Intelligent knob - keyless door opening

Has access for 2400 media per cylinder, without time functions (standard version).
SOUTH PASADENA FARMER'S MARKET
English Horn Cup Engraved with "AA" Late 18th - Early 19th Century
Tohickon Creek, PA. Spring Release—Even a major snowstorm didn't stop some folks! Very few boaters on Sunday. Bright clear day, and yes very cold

________________________

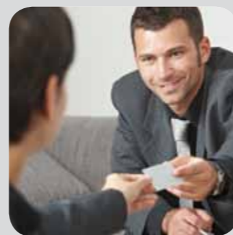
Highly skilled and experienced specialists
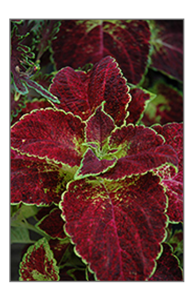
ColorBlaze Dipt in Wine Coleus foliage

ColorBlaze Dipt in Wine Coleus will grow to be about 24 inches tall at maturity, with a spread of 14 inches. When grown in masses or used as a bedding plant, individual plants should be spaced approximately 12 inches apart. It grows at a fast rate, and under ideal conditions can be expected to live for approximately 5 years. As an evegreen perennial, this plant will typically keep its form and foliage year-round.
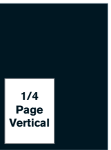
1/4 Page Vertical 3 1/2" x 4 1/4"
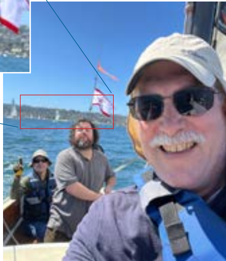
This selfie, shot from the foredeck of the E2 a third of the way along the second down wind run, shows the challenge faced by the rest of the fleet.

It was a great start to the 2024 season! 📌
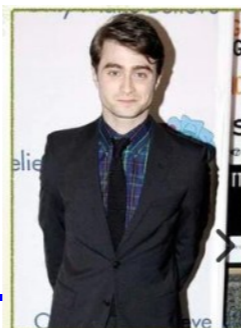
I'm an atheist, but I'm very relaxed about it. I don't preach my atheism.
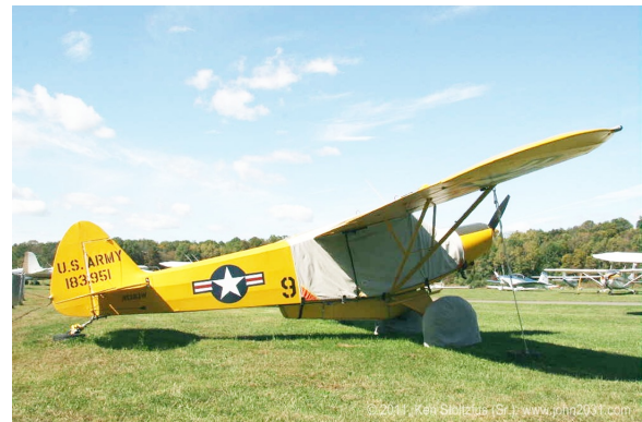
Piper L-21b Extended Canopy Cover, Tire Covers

________________________

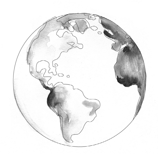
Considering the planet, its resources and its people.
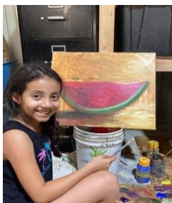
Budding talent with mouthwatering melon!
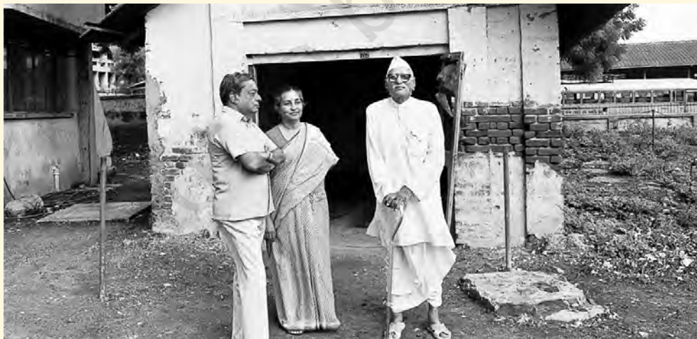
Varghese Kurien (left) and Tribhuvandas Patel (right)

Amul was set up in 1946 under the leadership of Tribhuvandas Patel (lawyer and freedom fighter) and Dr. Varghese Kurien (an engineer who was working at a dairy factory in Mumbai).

________________________

What is being asked: Across the whole listing, show each line where the word "very" occurs.

Exercise answer:
Tohickon Creek, PA. Spring Release—Even a major snowstorm didn't stop some folks! Very few boaters on Sunday. Bright clear day, and yes very cold
I'm an atheist, but I'm very relaxed about it. I don't preach my atheism.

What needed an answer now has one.